Horatius Superbus

It's time for one of history's fabulous stories: Horatius at the bridge.

Lars Porsenna and Tarquin were on their way. Thousands of Etruscans were hitting the road for Rome, murder on their minds, sword hands twitching.

There was only one man Rome could look to in this desperate hour!


With his faithful sidekicks, Spurius Latrius and Herminius, Horatius made for the bridge over the river, the only route the Etruscans could take to Rome. As a legion of burly workers hacked and burned the bridge, Horatius stood tall and proud, shild on arm and sword in hand. No Etruscan would pass while Horatius drew breath!

A dust cloud gathered in the distance, and Horatius' eagle eye discerned Lars' flashing helm. He gripped his sword tighter and strengthened Spurius' and Herminius' reselove with a manly glance. The moment was near!

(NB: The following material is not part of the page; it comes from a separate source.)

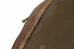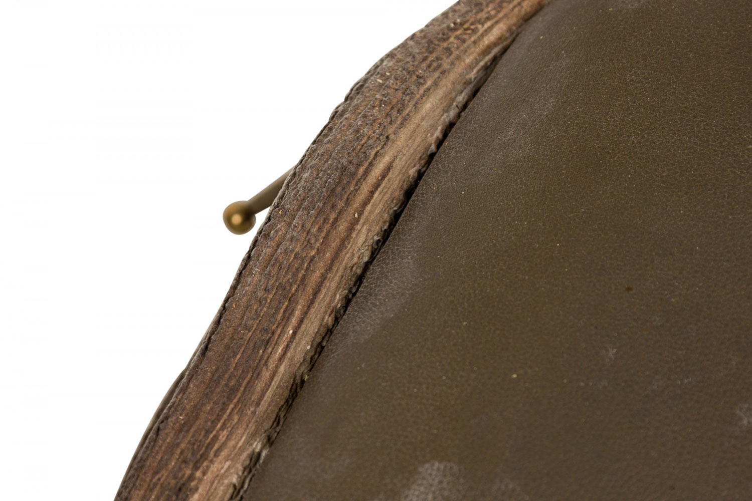 Style: Rustic Materials & Techniques: Brass, leather, metal, resin, upholstered Category: Seating, Rustic Good; Wear consistent with age and use

Five hours later, Etruscans were swarming the point that Horatius and co. held firm. Behind the Romans, the workers were nearly finished, hacking and burning with as much might and valor as their aching muscles allowed. The goal was nearly accomplished. Suddenly Horatius heard a bellow of pain to his left. Spurius had fallen, a battle axe through his cranium! Screaming with rage, Horatius grabbed the axe and whirled it round his head, once, twice, thrice! It rose into the air like a giant bird of prey and landed square on the crest of Lars' aide de camp. Herminius gave a shout of triumphed, only to be silenced by the snaking blade of a swarthy Etruscan.

Darkness veiled his eyes.
Horatius experienced a warp spasm. The situation was intolerable. His frightful countenance caused the enemy to fall back with cries of fear. His rage was fearful to behold. Raising his mighty sword, he laid to. Right and left and center swept the awesome blade and the Etruscans fell before this single man as wheat in the harvest. He was a force to be reckoned with.
A shout of delight found his ears above the din of battle and he realized that the bridge was destroyed at last! Aiming one last derisive laugh at his hopelessly distraught enemies, Horatius lept into the churning waters. His friends on the other side cried out in distress to see their hero thus cruelly taken from them. They need not have worried. Within minutes, Horatius surfaced, gasping but triumphant, on the Roman side.
He clambered up the steep bank and turned to roar his contempt at those Etruscan killers-of-friends! Those sacks of wine! They had been utterly frustrated in their attempt to pillage Rome.
Horatius received laurels and wine and adulation and lived out his life forever known as the savior of Rome.


Ben Milton said...

You know, I never memorized the ending of that poem as a kid. I think MODG edited it out or something...

Catherine_Creagan said...

yeah, well I don't know it either. I pretty much made most of it up, except that i knew his friends' names and that there was a bridge involved.